Fiona had little patience for my complaints. She loved the winter, especially a night like this one when the cold was so pure. No wind, no snow falling, no distractions; just the dense, intoxicating icy air, like Vodka straight out of the freezer.

The party was already busy and the music was loud. I immediately caught sight of my ex-wife Miranda, on the arm of a real estate broker, Joe Arbogast. I left Fiona admiring the Lomax silver collection and eased my way through the chattering crowd to Miranda.

We all said hello and Joe went off looking for another round of champagne.

“Henry, hi,” Miranda said. “We were just saying, if you come over Christmas morning, you can take the kids for lunch. Joe wants to come over and—you know.”

I shrugged. “Sounds good. They're looking forward to Tortola.”

“I got the beach house again. Everyone at school's going to hate them. They'll be brown as berries.”

We stood quietly, listening to snippets of other people's conversations. Nathan Parrish's wife saying “You can't buy people,” and Nathan answering: “On the contrary, Darling. It's easy to buy people. Selling them is the hard part. They depreciate faster than a Ford Explorer.”

I could hear Lomax from across the room: “People come here because they can't make it anywhere else. It's been that way for a thousand years. The Indians who came here couldn't string their wampum straight. I went into one of these bookstores the other day, during Christmas Stroll. And I wanted to buy the big book of the season, the new Grisham. They told me it was in—they had it in the basement. But they hadn't brought it upstairs yet. Our biggest retail day of the year, and they keep
the new John Grisham novel
in the basement because they're too lazy to unpack it. Try getting away with that at Barnes & Noble. You'd be out on your ass in a heartbeat. But that's Nantucket for you. That says it all.”

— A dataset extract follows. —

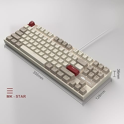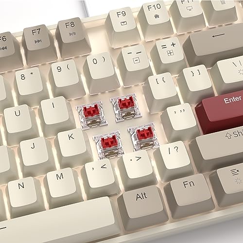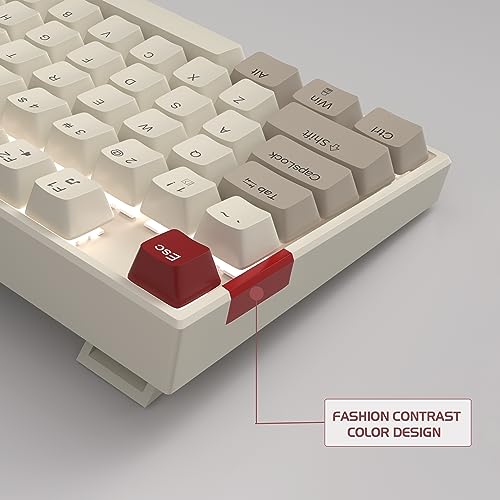 – [Teclados mecânicos ergonômicos]: layout elegante retrô cinza branco mesclado de 75%, vem com 16 teclas vermelhas extras, tecla de suspensão antiderrapante de injeção dupla, design à prova de respingos, painel de metal durável o suficiente para protegê-lo de arranhões, também ângulo de digitação ajustável dos pés com suporte firme.

I turned back to Miranda. “So you're still with Joe.”

“He wants to marry me.”

“That was quick.”

“Quick is good. Even in police work. You told me that. Most crimes are solved in the first week, or they don't get solved at all.”

“I don't know, Miranda. You're in the first blush of a love affair and you're already comparing it to a murder investigation.”

Fiona drifted over as Joe returned with two flutes of champagne.

Miranda took her glass and nodded. “Hello, Fiona.”

“I like your hair.”

“I just had it cut. For the benefit of my women friends. Men never notice anything.”

I put up my hands. “Not my job anymore.”

“I was going to say something,” Joe added.

“I'm sure you were.” Miranda leaned over and kissed his cheek. Then she glanced around. “Beautiful house.”

“It should be,' Fiona said, “My girls have been cleaning it for two days.”

“He has such beautiful things.”

Fiona shrugged. “He can afford them.”

The music stopped and at that moment someone near the fireplace laughed. Fiona looked over and looked away, but not quickly enough.

“Got to mingle,” Miranda said, and she pulled Joe toward the French doors.

I stared at the fireplace through the shifting jumble of heads and shoulders. I heard the laugh again. It was Nathan Parrish, talking to Lomax. Fiona put her hand on my arm.

It had been more than a week since the auction, but I hadn't been able to bring it up. I'd only seen Fiona twice, and she had been in such a fine lively mood both times that the whole subject seemed absurd. I knew she'd put me on the defensive, trying to explain what I'd been doing at the VFW Hall in the first place. There could be any number of explanations for the furtive collusion I had glimpsed that afternoon. But more and more, I wanted to hear one of them—preferably one I hadn't thought of myself. Ideally, one that was true.

The lying bothered me the most. If she had a bidding partner, if that was all it was, why be so devious? The uneasy suspicions kept pouring in and with no way to drain them, they were overflowing like a bathtub, gradually flooding the house. Water damage. You couldn't fix it, that was what the contractors always said. You had to tear things out and rebuild from scratch.

“I have to talk to you,” I said now.

“Henry, it's a little crowded in here for—”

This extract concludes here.